Recently a pair of Maine co-anchors decided to quit during a live newscast. The video made the rounds and got a lot of attention, probably because the anchors decided to rip management while the little red light was still on.

First, I don't know any of the parties involved or anyone at that station. But there is a definite trickle down effect that affects everyone in the business.

Over the years this is nothing new. People have occasionally gone rogue on their last day and decided to lob a grenade at the boss on the way out the door. While this may or may not be career suicide, it is at least the equivalent of a consultation with the broadcasting version of Doctor Kevorkian.

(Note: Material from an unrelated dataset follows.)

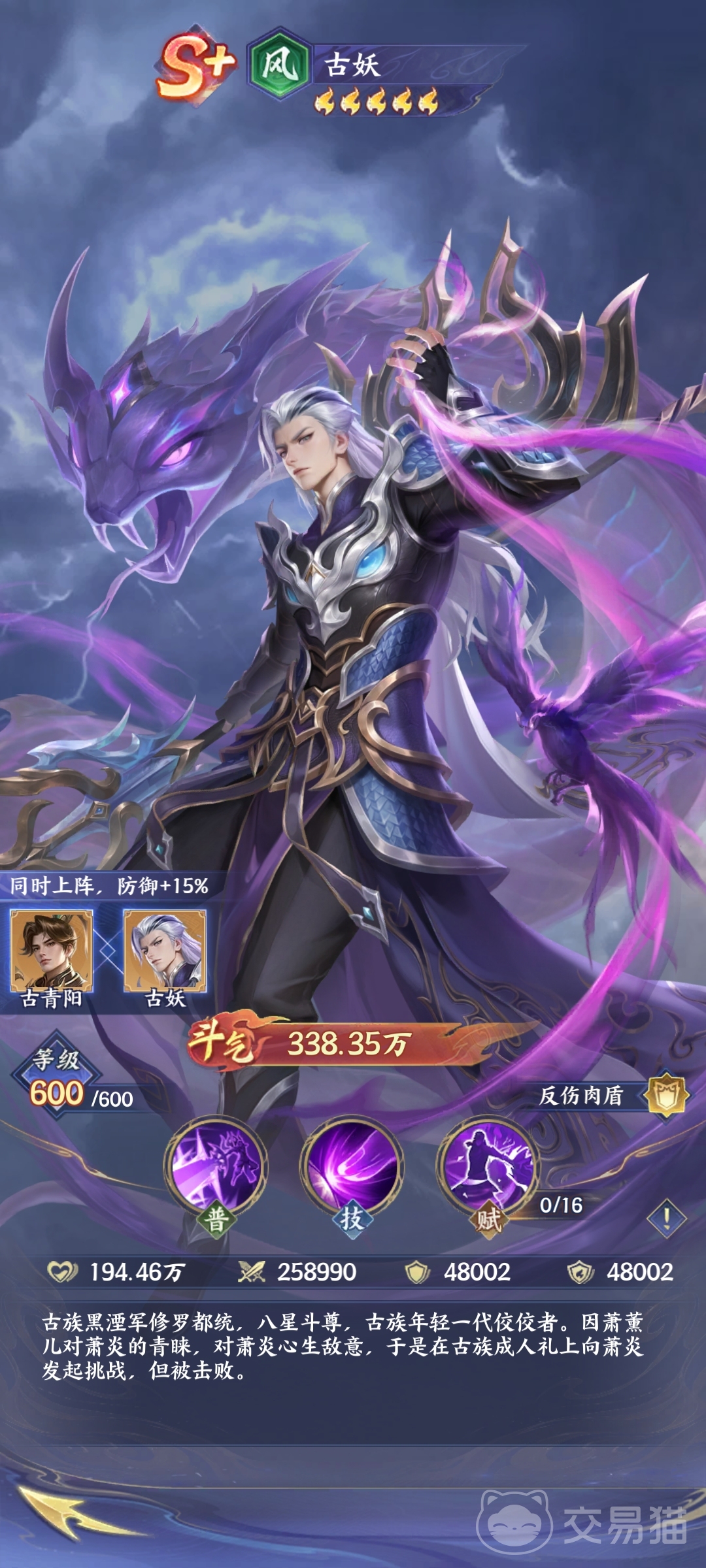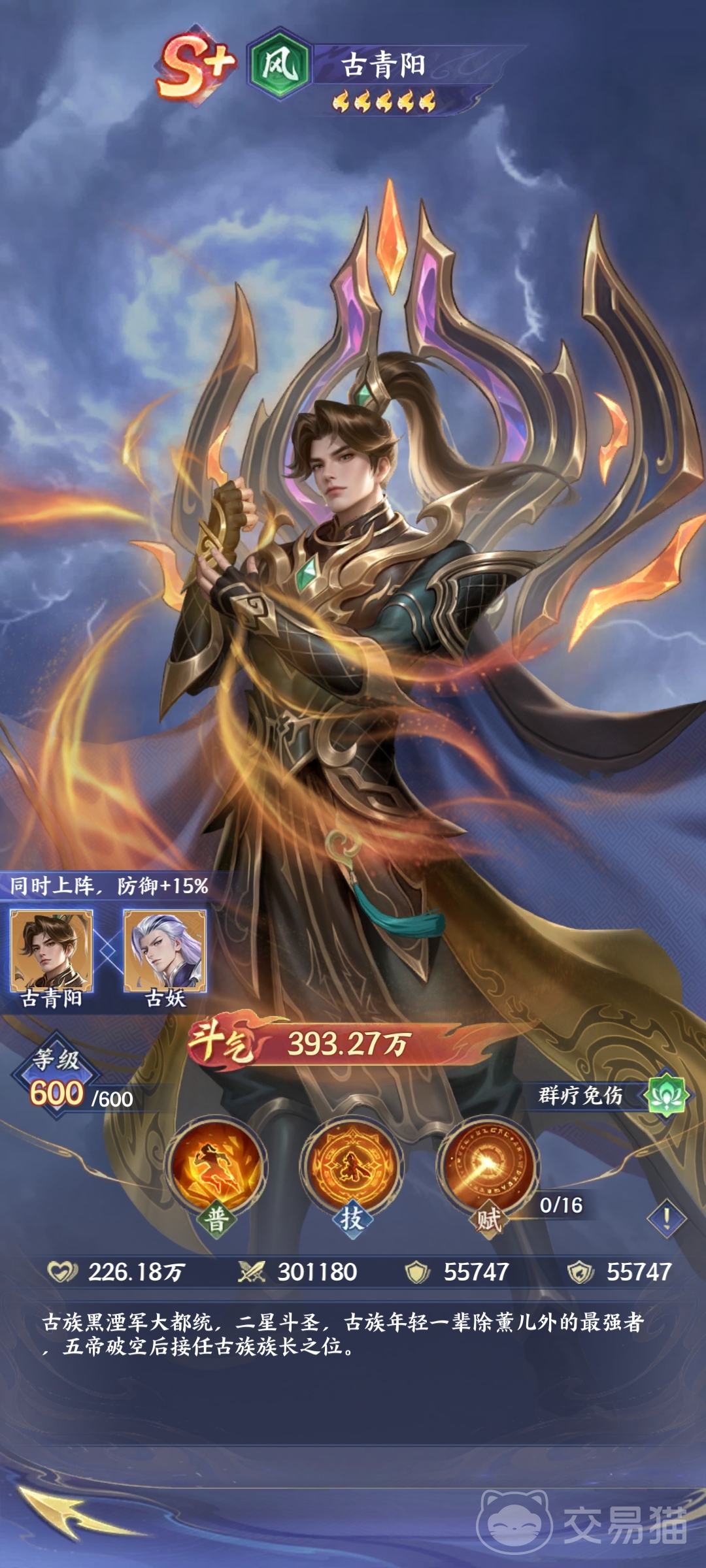 古青阳(风·群疗免伤):稀缺型团队守护者,技能设计全面覆盖治疗、护盾、解控与低血量应急防护。普攻“古族守护”为队友施加护盾,技能提供群体治疗并驱散控制效果;天赋可在队友生命低于50%时自动触发高额免伤护盾。与古妖激活羁绊后,额外提升15点防御属性,使其在承担治疗职责的同时具备可观承伤能力,特别适配高控场、高爆发环境下的容错构建。

But the result is that other  managers see this, and in the back of their minds think, "This could happen to me." (Of course, if you guys weren't such big meanies you wouldn't have to worry.)

Anyway, the result is that anchors who give notice may be suddenly pulled off the air and turned into reporters for two weeks. Reporters may never see the live truck again. Or you may be unceremoniously shown the door as your two-week notice turns into a two minute notice.

This has happened to me and to a lot of people I know. And it illustrates the importance of an exit strategy when you know you're heading out of town. If you think you might have two weeks to dub off all your good stories, you might find yourself in a tough situation if you can't get into the building.

So, before giving notice, just in case:

-Make dubs of anything you want to keep
-Print out or forward to yourself any emails you might need
-Make sure you have a copy of your list of contacts and phone numbers
-Take anything valuable out of your desk and bring it home

While this might sound paranoid, trust me, I get calls all the time from people who suddenly find themselves locked out with no way to get dubs of their best work. Management can get awfully spiteful when people leave, so make sure you're prepared when you do.

And if you want to go live and have the last word, remember, it might be the last word you ever say on television.